How to pass a coordinate to inference data

I’ve been skimming through Arviz documentation and came across 8 school inference data.

import arviz as az
idata = az.load_arviz_data("centered_eight")

Inference data object also includes school coordinate. How can I do that with my bambi models? I always have a dimension column that looks like ..._dim_....
Thanks!

P.S. If you want to earn a few points, you can answer it on stackoverflow.

2 Likes

Welcome!

There are definitely resources for how to add them to pymc models (e.g., here and here), but I am unsure about bambi. @tcapretto ?

1 Like

Dimensions are added automatically by Bambi depending on the levels of the variables in the model. Their names are “{variable_name}_dim” as you correctly point out.

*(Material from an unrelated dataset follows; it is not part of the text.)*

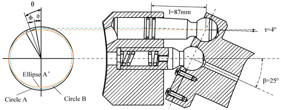 whereas A is the piston’s cross-sectional area, z is the number of pistons, r is the radius of the distribution circle of the ball end A on the flange of the drive shaft at the connection end, β is the cylinder tilt angle.

I’m not sure I understand your problem though. Do you have an InferenceData object and you want to modify its dimensions in some way? If that’s the case, it’s more ArviZ/xarray related than Bambi related, but I’m still happy to help if you have an exmaple.

You’re correct. However, it’s way less handy to make plots (and joins) if you don’t have informative dimensions. For example, with this simple example:

import bambi as bmb
import pandas as pd
import arviz as az

df_simple = pd.DataFrame({
    'x': ['A', 'B', 'C'],
    'y': [10, 20, 30],
    'n': [100, 100, 100]
})

m = bmb.Model('p(y, n) ~ 0 + x', data=df_simple, family='binomial')
idata = m.fit(cores=4)

m.predict(idata)

az.plot_forest(idata, var_names='p(y, n)_mean', combined=True)

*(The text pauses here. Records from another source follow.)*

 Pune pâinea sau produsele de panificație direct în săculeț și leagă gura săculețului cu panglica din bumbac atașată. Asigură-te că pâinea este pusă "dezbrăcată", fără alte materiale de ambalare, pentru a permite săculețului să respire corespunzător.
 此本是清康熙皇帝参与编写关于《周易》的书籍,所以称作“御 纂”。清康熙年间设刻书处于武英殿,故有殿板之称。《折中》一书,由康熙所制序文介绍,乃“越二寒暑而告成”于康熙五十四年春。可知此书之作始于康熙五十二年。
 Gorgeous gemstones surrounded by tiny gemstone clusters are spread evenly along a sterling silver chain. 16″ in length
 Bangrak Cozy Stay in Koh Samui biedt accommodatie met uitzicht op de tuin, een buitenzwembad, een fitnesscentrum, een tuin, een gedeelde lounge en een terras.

The plot has numbers instead of group names on y axis. When looking at the documentation, forest plot has correct y-axis labels right out the box. What am I doing wrong / how can I achieve that (without the need to manually rename the axis labels, of course)?

Got it!

If you have a look at idata.posterior you will see something like the following

Notice the coordinates for p(y, n)_mean is p(y, n)_obs, which is just the row number. This is because Bambi doesn’t know each row is paired with one x_dim (A, B, and C). You can modify the plot after creation though. ArviZ functions usually return an array of matplotlib Axes.

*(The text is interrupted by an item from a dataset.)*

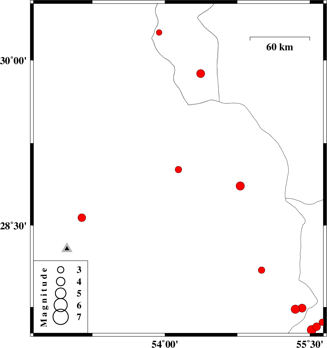 2006/04/07 | 22:02:46.2 | 01:32:46.2 | 28.86 | 54.78 | 17 | ML:4 | 26 km North-East of Darab, Fars Province | ||

axes = az.plot_forest(idata, var_names='p(y, n)_mean', combined=True)
axes[0].set(yticklabels=["C", "B", "A"], ylabel="Parameter name", xlabel="Posterior distribution");

image

EDIT Another option is to modify the coords in the xarray.Dataset

idata.posterior = idata.posterior.assign_coords({"p(y, n)_obs": ["A", "B", "C"]})
az.plot_forest(idata, var_names='p(y, n)_mean', combined=True);

image